Interestingly, PowerShell has its own set of throttling parameters, as follows:
PowerShellMaxConcurrency— This is the number of remote PowerShell sessions that a user can have open at the same time.
PowerShellMaxCmdlets—
This specifies the number of cmdlets that the user can execute in the
time period specified by the PowerShellMaxCmdletsTimePeriod parameter.
The two should be set at the same time.
PowerShellMaxCmdletsTimePeriod— The time period in seconds for which the PowerShellMaxCmdlets parameter is enforced.

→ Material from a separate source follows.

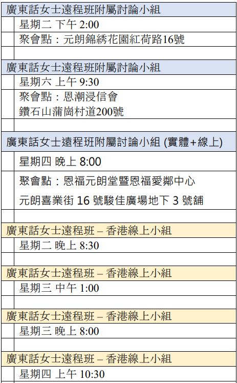 This is not an official site of Bible Study Fellowship. The purpose of this site is to share general class information in Hong Kong. For more information about BSF, please visit the official site.

PowerShellMaxCmdletQueueDepth—
This is the number of operations allowed to be executed by the user.
This should be set to at least three times the value of
PowerShellMaxConcurrency.
The default policy values for some of the key parameters are given in Table 3. These default values can be adjusted by either adjusting the default policy using the Set-ThrottlingPolicy cmdlet or by creating a new throttling policy with the New-ThrottlingPolicy cmdlet and then assigning it to a user with the Set-ThrottlingPolicy cmdlet.
Table 3. Key Default Throttling Policy Values
| Parameter | Default Values |
|---|
| EASMaxConcurrency | 5 |
| EASPercentTimeInCAS | 75 |
| EWSMaxConcurrency | 10 |
| EWSPercentTimeInCAS | 90 |
| IMAPMaxConcurrency | 20 |
| IMAPPercentTimeInCAS | 150 |
| OWAMaxConcurrency | 5 |
| OWAPercentTimeInCAS | 150 |
| POPMaxConcurrency | 20 |
| POPPercentTimeInCAS | 150 |
| PowerShellMaxConcurrency | 18 |
| PowerShellMaxCmdlets | |
Throttling policy is assigned using the Set-Mailbox cmdlet. For example, to assign a throttling policy named ThrottlingPolicy1 to a user chrisa, run the following commands:
$tp = Get-ThrottlingPolicy ThrottlingPolicy1;
Set-Mailbox -Identity chrisa -ThrottlingPolicy $tp;
To reset a user’s policy
to the default policy, you have to explicitly set the user’s throttling
policy to the default policy. The commands to do this for the user
chrisa are as follows:
$defaultpolicy = Get-ThrottlingPolicy | where-object {$_.IsDefault -eq $true}
Set-Mailbox -Identity chrisa -ThrottlingPolicy $defaultpolicy;
The user chrisa now has
the default throttling policy assigned to her account. The effect of an
implicitly assigned default throttling policy and an explicitly assigned
default throttling policy is the same.